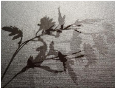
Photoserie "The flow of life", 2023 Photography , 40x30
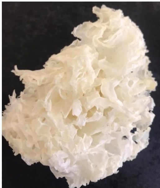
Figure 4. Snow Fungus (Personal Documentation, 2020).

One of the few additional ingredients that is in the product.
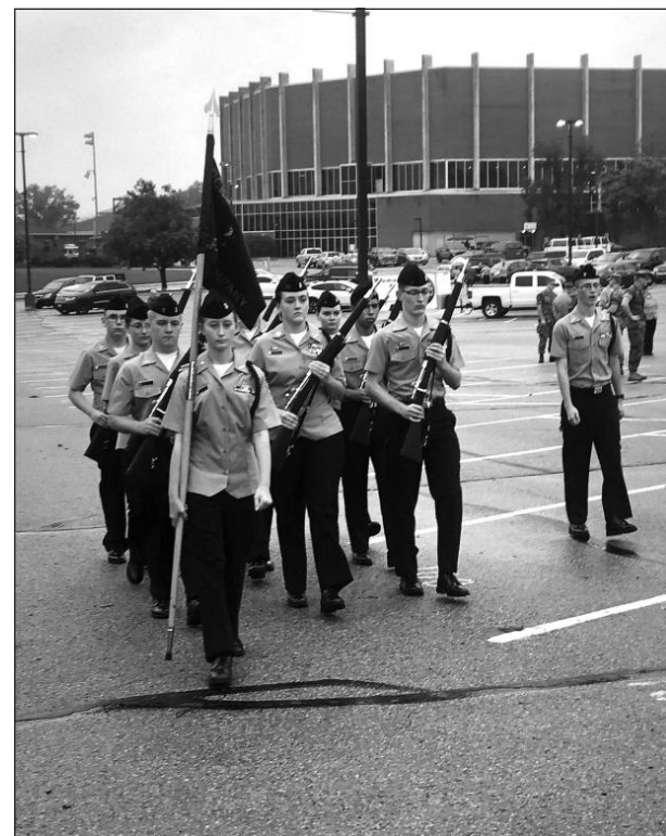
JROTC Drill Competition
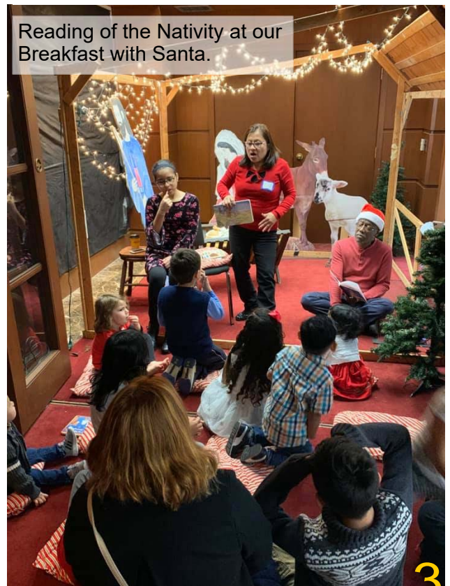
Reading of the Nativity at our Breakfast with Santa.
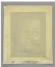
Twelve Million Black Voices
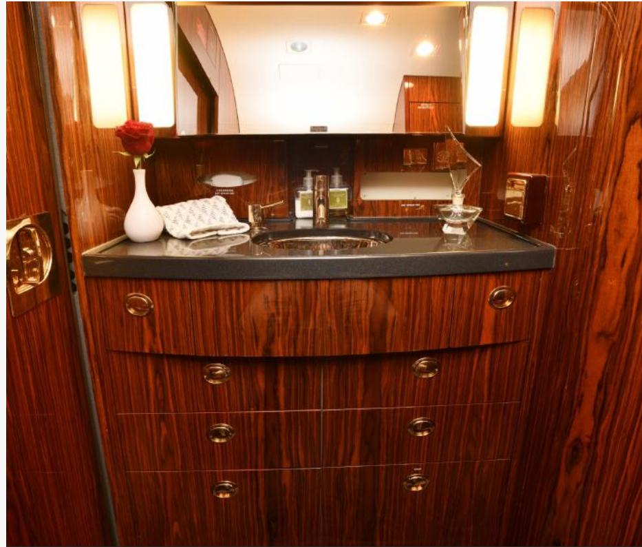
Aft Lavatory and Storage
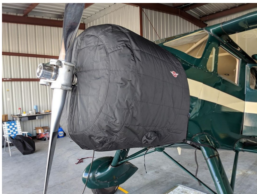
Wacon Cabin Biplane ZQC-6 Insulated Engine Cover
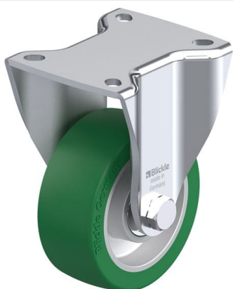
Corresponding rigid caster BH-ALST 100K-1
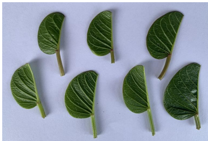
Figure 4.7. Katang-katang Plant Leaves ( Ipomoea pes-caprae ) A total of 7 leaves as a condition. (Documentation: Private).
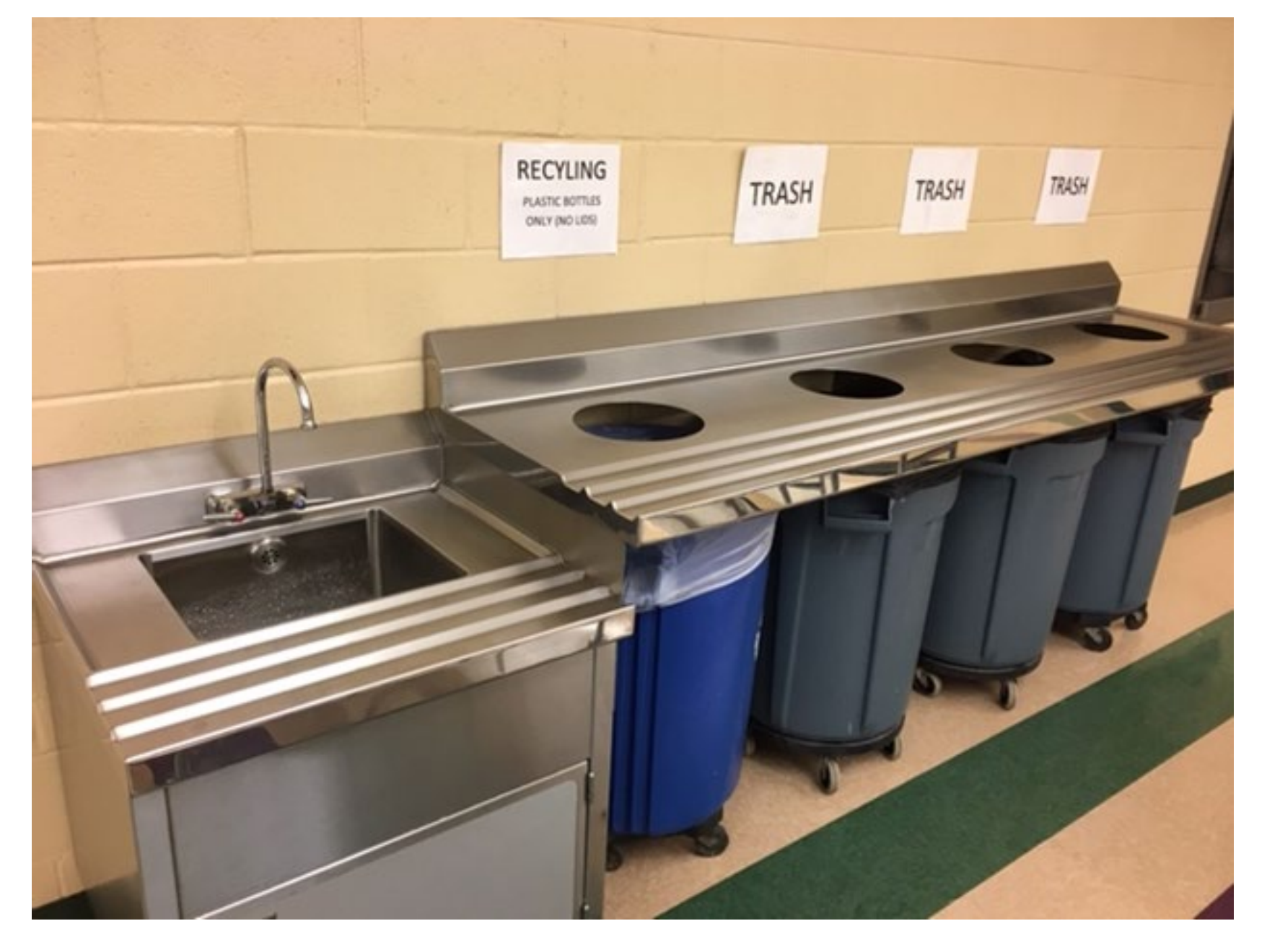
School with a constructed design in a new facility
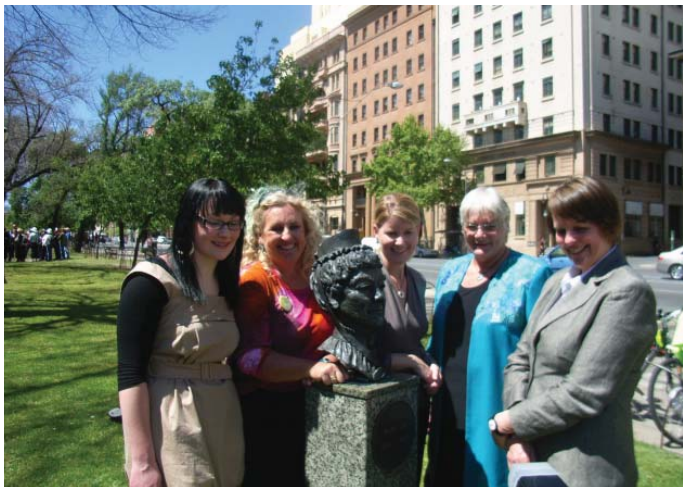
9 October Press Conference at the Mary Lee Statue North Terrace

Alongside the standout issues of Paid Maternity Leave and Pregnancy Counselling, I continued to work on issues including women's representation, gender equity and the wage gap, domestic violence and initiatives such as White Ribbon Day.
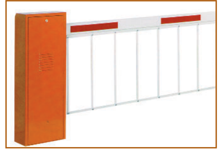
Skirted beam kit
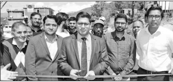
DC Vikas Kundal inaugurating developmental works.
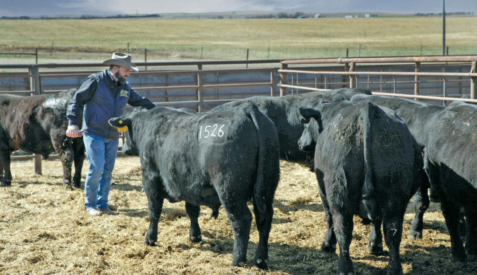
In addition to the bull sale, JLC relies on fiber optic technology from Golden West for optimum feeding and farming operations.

....................

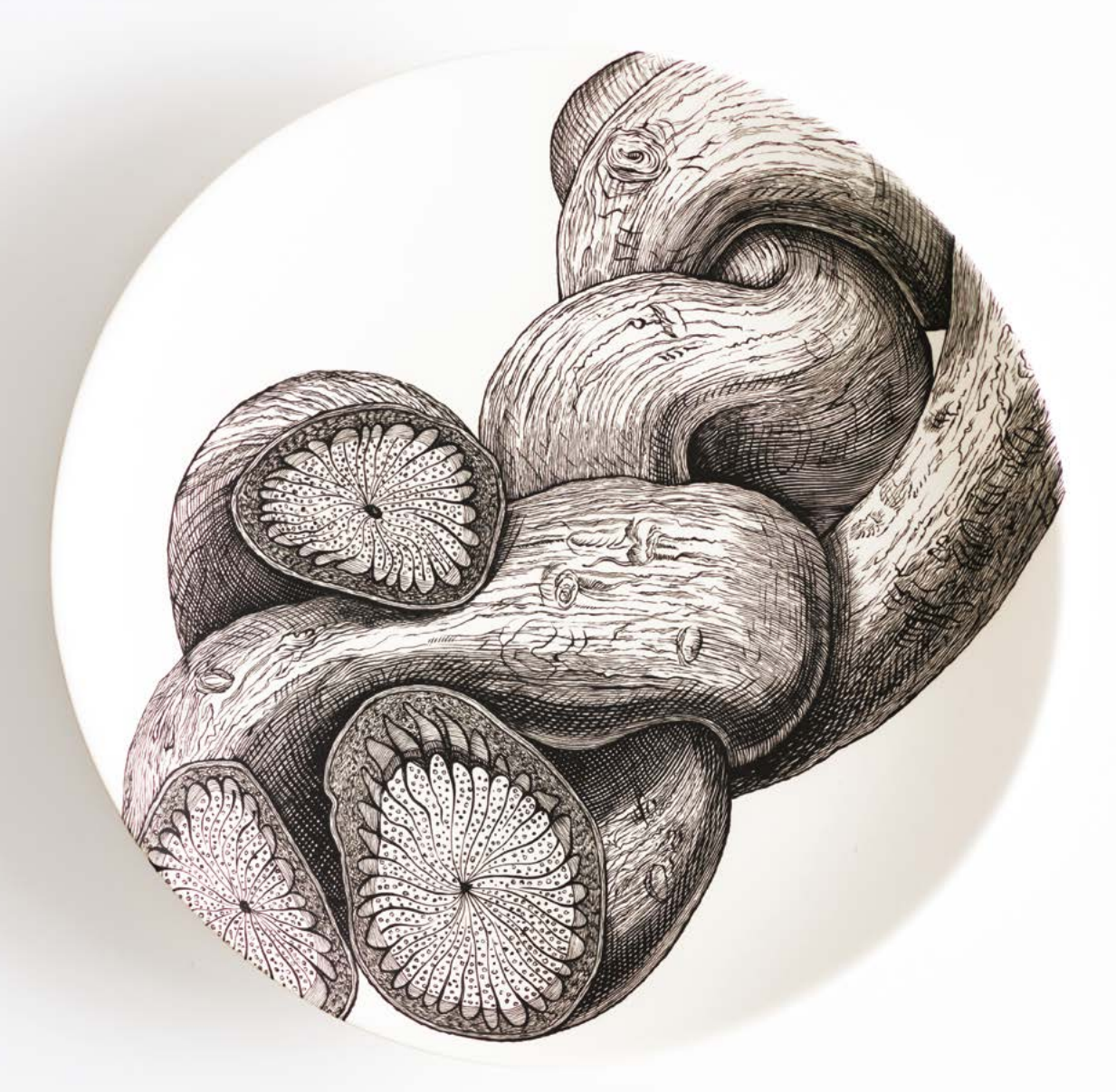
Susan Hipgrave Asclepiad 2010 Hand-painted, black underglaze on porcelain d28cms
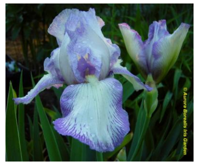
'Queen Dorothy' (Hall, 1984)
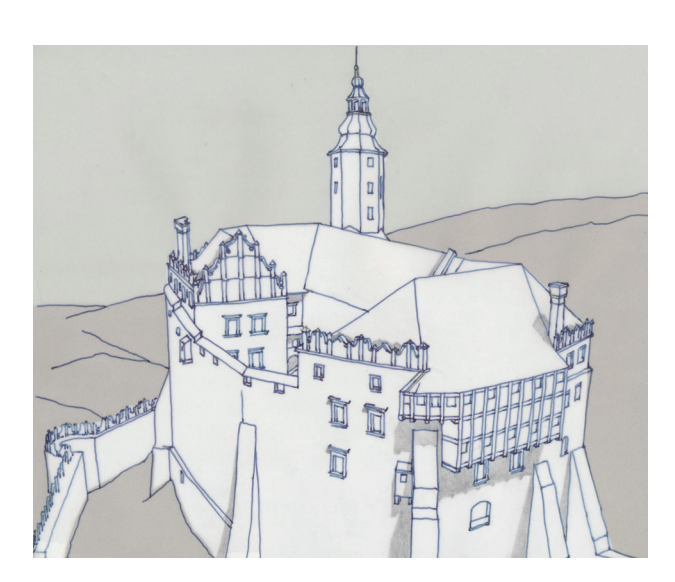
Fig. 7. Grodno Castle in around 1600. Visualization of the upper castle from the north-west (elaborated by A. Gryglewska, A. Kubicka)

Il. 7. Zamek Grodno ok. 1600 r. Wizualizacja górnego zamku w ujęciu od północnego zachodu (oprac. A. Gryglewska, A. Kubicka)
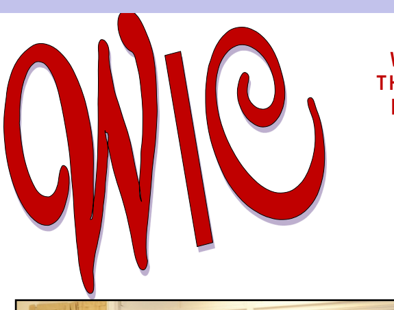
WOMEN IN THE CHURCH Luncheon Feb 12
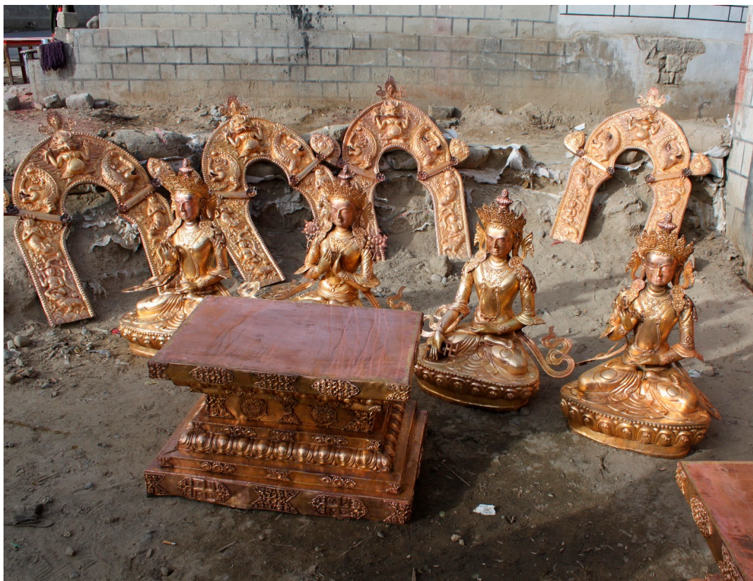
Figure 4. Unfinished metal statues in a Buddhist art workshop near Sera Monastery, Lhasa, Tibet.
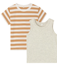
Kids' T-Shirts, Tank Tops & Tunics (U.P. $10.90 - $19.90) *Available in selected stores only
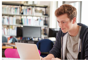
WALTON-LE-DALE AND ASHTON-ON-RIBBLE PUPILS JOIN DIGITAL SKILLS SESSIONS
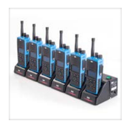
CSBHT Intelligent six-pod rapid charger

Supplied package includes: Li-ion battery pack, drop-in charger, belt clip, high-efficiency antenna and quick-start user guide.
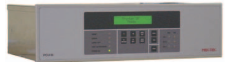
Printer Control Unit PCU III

....................

▶ [YOUR INSTRUCTIONS]: An exact copy is needed. It runs from the line above containing "Photography , 40x30" down to the line containing "Wacon Cabin Biplane", both included, with no pictures.

▶ [RESULT FOR THIS EXERCISE]:
Photoserie "The flow of life", 2023 Photography , 40x30
Figure 4. Snow Fungus (Personal Documentation, 2020).

One of the few additional ingredients that is in the product.
JROTC Drill Competition
Reading of the Nativity at our Breakfast with Santa.
Twelve Million Black Voices
Aft Lavatory and Storage
Wacon Cabin Biplane ZQC-6 Insulated Engine Cover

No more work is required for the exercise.